読売新聞より「ケータイ業界に大変化、キャリアの収益モデル見直し求める--モバ研報告書

総務省の研究会「モバイルビジネス研究会」が6月26日、報告書案を公開した。
販売奨励金の見直しやSIMロックの解除など、既存の携帯電話事業者(キャリア)に対して収益モデルを抜本的に変革するよう求める内容となっている。

既存キャリアは現在、ネットワークから携帯電話端末、サービスまでを一体化した垂直統合型のビジネスを展開している。
これに対して研究会では、それぞれを切り離して利用者が自由に選べる環境が望ましいと指摘する。

報告書の提言は大きく3つ。

  • 携帯電話端末を販売する際の奨励金の見直し
  • キャリアが自社の端末を利用者に使わせるためのSIMロックの解除
  • キャリアの通信回線を借りて携帯電話事業を展開するMVNOを増やすための環境整備

2008年度には新料金プランを一斉導入、ポイント制は廃止

まず、販売奨励金の見直しを求めた。
販売奨励金とは、キャリアが携帯端末を販売する代理店に一定の料金を支払うことで利用者が安く端末を購入できるようにしたもの。
キャリアは利用者から毎月得る通信料金でこの奨励金をまかなっていることから、端末をあまり買い替えない利用者にとっては不利になるとの指摘が出ていた。

現在、ソフトバンクモバイルなどは2年間の契約をする代わりに初期の端末購入料金を安くする割賦販売制度を導入している。
一定の利用期間が定められた契約については、研究会もその意義を認めている。
ただし、あまりにも長期になりすぎると、利用者を囲い込むことなり競争を阻害すると指摘した。
また、端末の価格を補填するために機種に応じて通信料金を割り引く仕組みについても見直しが必要とした。

このほか、通信料金の額に応じてポイントを付与し、このポイントを端末購入時の割引にあてる方法については、「実質的に分離プランの趣旨を没却することになるため、こうした施策を採用することは適当でない」と廃止を求めた。
NTTドコモは自社のクレジットサービス「DCMX」でこのポイントがたまることをアピールポイントの1つにしており、戦略の変更を迫られることになる。

販売奨励金は会計上、営業費用として計上されている。
この費用はほかの事業者との接続料を計算する際の元となっており、結果として端末の販売費用をほかの事業者から徴収していることになると研究会は判断。
公正な競争を確保するためには、会計上の取り扱いを見直す必要があるとした。

このため、2007年度をめどに電気通信事業会計規則を改正するべきとする。実際の施行は2008年度からとなりそうだ。これが実現すれば、利用者の通信料金引き下げにつながる可能性がある。

SIMロック廃止は次世代ケータイで実現へ

SIMカードと呼ばれる通信カードを差し込まないと携帯電話端末が使えず、キャリアを超えて同じ端末を使うことができない「SIMロック」と呼ばれる問題については、2010年に結論を持ち越した。
これは、現在の状況でSIMロックを解除しても、利用者にとっての利益がほとんどないためだ。
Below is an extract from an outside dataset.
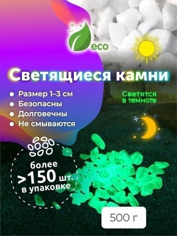 ВНИМАНИЕ! ЭФФЕКТ СВЕЧЕНИЯ ЯРКО ВЫРАЖЕН ПРИ КОНТРАСТНОЙ СМЕНЕ ОСВЕЩЕНИЯ! В ЛАНДШАФТЕ ОН СЛАБО ВЫРАЖЕН! Мраморная крошка белая Светящиеся камни - светятся длительное время (в отличии от пластиковых камней ) выполняют декоративную функцию + СВЕТЯТСЯ В ТЕМНОТЕ!

現在、ドコモとソフトバンクモバイルはW-CDMAという方式を、KDDIはCDMA2000方式を採用している。
両者に互換性はなく、SIM カードを差し替えて使うことは技術的に難しい。
また、ドコモとソフトバンクモバイルであればSIMカードを差し替えることで音声、ショートメッセージサービスを利用することはできるが、記述言語が異なるため同じ端末でメール送受信やウェブブラウジングをすることができない。

このため、研究会では「SIMロックについては原則解除することが望ましい」としながらも、第3.9世代や4世代と呼ばれる次世代の携帯電話端末でSIMロック解除を義務づけるよう検討すべきとし、2010年の時点で最終的な結論を出すべきとした。

SIMロック解除のメリットとしては、キャリア共通の端末の上に利用者が必要とするアプリケーションを購入し、利用するようになれば、あまり機能を必要としない利用者はシンプルな端末を低価格で手に入れられるなど、選択の余地が広がることが挙げられる。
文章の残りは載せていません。